Two loan bankers also say that they see — at most — a “slight” increase in M&A activity over the summer.

High volumes of CLO issuance have created big demand for assets and driven prices higher in the secondary market. Around 26% of the European Leveraged Loan Index was trading above par in early May, according to BofA Global Research.

To make the arbitrage work, managers need to source a substantial portion of their loans in the primary market with a new issue premium. This creates a highly supportive market for leveraged European credits, but it challenges the discipline of managers.

“The market is open and therefore, some companies that we might view as inferior credits do have access to the market right now,” says Miller. “But within the mix are a number of good loan assets that we can buy.”

Most managers emphasise their focus on credit risk, although some warn that investors should keep a close eye on what is in portfolios.

“Everyone says that they are selective, but I think they’re not too picky,” says one CLO manager. “They can’t be.”

Covenant caution

An undersupplied loan market not only gives lower-rated borrowers a potential entry point into CLO portfolios.

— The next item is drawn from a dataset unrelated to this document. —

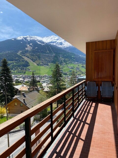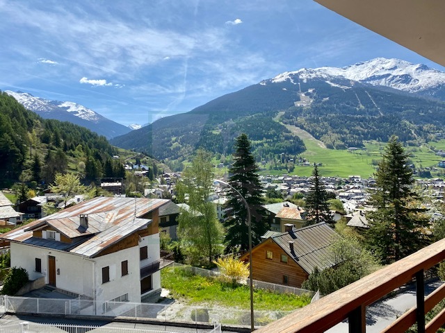 Ampio e comodo appartamento su due livelli, in posizione assolata e molto panoramica a pochi minuti a piedi dal centro di Bormio. E’ composto da ingresso, soggiorno con camino ed area pranzo, balcone esposto ad est con vista meravigliosa, cucina separata ben attrezzata, bagnetto di servizio, scala interna che conduce alla zona notte; due camere da letto molto ampie di cui una matrimoniale ed una doppia, bagno con vasca e doccia, secondo balcone con medesima esposizione ma con metratura maggiore. Luminoso, molto accogliente in tutti i suoi spazi. L’ingresso dell’appartamento è al secondo piano (no ascensore) quindi occupa il secondo ed ultimo piano dello stabile.

It can also lead to weaker lender protection in loan documentation — an issue brought to the forefront of debate by the recent struggles of certain highly levered obligors, including telco Altice, that are widely held in CLO portfolios.

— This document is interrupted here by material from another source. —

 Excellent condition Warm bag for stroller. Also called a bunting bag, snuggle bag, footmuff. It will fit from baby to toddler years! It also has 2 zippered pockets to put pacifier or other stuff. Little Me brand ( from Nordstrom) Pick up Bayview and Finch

CLO managers told GlobalCapital that they have been pushing back against certain clauses that would allow companies to sell assets without using the proceeds to pay off debt. One manager said they insisted on a super majority threshold for changes of jurisdiction to prevent the company from moving under US law in case of a restructuring.

“There might be some willingness to fix certain clauses that prove problematic, but I don’t think we will see a massive tightening of docs,” says Arthur van Schie, head of leveraged loan capital markets EMEA at ING. “With limited deals coming to market and a lot of demand for them, sponsors remain keen to maintain their precedent documentation.”

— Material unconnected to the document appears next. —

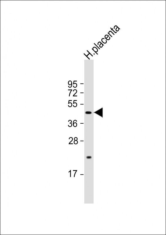 Anti-SGPP1 Antibody (N-term) at 1:1000 dilution + human placenta lysate Lysates/proteins at 20 μg per lane. Secondary Goat Anti-Rabbit IgG, (H+L), Peroxidase conjugated at 1/10000 dilution. Predicted band size : 49 kDa Blocking/Dilution buffer: 5% NFDM/TBST.

However, investors say that they are confident in the resilience of CLOs, even in a difficult market. Investment-grade tranches are largely shielded from credit risk — no triple-A tranche has ever defaulted in the history of the asset class, according to S&P.

Mezzanine buyers point out that the problems of companies like Altice, Intrum and Ardagh are idiosyncratic situations rather than signs of heightened risk in any sectors of the economy.

“We could see more volatility going forward,” says David Altenhofen, head of investments at Accunia. “We will probably see higher default rates and lower recoveries, especially in the loan space, but unless we see some kind of systematic shock, the CLO market should keep functioning fine.”

He adds that CLOs also proved themselves during the liability-driven investments crisis in 2022, when the UK mini budget of then-prime minister Liz Truss caused pension schemes to scramble for cash.

According to Altenhofen, “when push came to shove, institutions sold CLOs, not ABS or CMBs or whatever they had on their books, because CLOs were the most liquid assets within the alternative bucket.”

Charleston at TwentyFour says he does not see any “glaring problems” awaiting the CLO market in the second half of the year, although he is “slightly concerned” about increasing leverage. Par subordination is varied between CLOs at the moment, and most in the market agree that the backdrop is weakening, even if they have different views on speed and severity.

Considering the strong spread performance this year, a correction seems likely, particularly in mezzanine bonds, he says, adding: “If one of the rating agencies comes out and changes its general assumptions, for example, there is a potential for a wave of downgrades.”